4, the varchar in the InnoDB
The physical storage mode of varchar in INNODB is related to the Innodb_file_format used by InnoDB. Early Innodb_file_forma used the Antelope file format to support redundant and compact two kinds of row_format. Starting with 5.5 or InnoDB1.1, you can use a new file Format,barracuda. Barracuda compatible with redundant, and also supports dynamic and compressed two kinds of row_format.
When innodb_file_format=antelope,row_format=redundant or compact.
The InnoDB clustered index (cluster index) stores only the first 768 bytes of the varchar, text, and Blob fields, and the extra bytes are stored in a separate overflow page, which is also called Off-page. The 768-byte prefix is followed by a 20-byte pointer pointing to the location of the overflow pages.

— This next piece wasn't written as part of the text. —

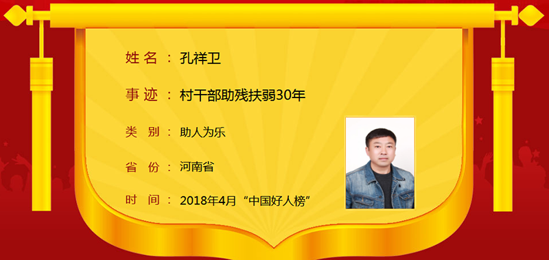 “助残扶弱30年,润物无声爱无边。”30年来,孔祥卫坚持关注帮扶残疾人、老年人和社会困难群体,被当地百姓成为“活雷锋”。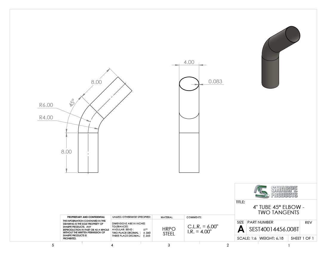4 O.D. X .083 WALL (14 GAGE) 45° ELL 6 C.L.R. W/ (2) 8 MINIMUM TANS., STEEL

In addition, in the case of Innodb_file_format=antelope, the InnoDB can store up to 10 large segments (the use of off-page storage is required). The default page size for INNODBD is 16kb,innodb for the length of a single line that cannot exceed 16k/2=8k bytes, (768+20) *10 < 8k.
When Innodb_file_format=barracuda, row_format=dynamic or compressed
All the varchar, text, and BLOB field data in the InnoDB is completely off-page stored, depending on the length of the field and the total length of the entire row. For off-page-stored columns, only 20-byte pointers are stored in cluster index, pointing to the actual overflow page storage location. If the length of a single line is too large to fit fully cluster index PAGE,INNODB will select the longest column as the Off-page store until the length of the row can fit cluster index page.
5, the varchar in the MyISAM
For the MyISAM engine, all data in the varchar field is stored in the data row (In-line). The Row_format of the MyISAM table also affects the physical storage behavior of varchar.
MyISAM Row_format can be set to fixed and dynamic by a create or alter SQL statement. In addition, the Row_format=compresse storage format can be generated by myisampack.
When the MyISAM table does not have a text or blob Type field, the Row_format can be set to fixed (or dynamic), or dynamic only.
When the varchar field exists in the table, the Row_format can be set to fixed or dynamic. Use row_format=fixed to store varchar field data, wasting storage space, varchar storage at this time. Row_format is also different for both fixed and Dynamic,varchar physical implementations (you can view source code files Field.h and field.cc), so MyISAM Row_ When the format transitions between fixed and dynamic, the physical storage of the varchar field will also change.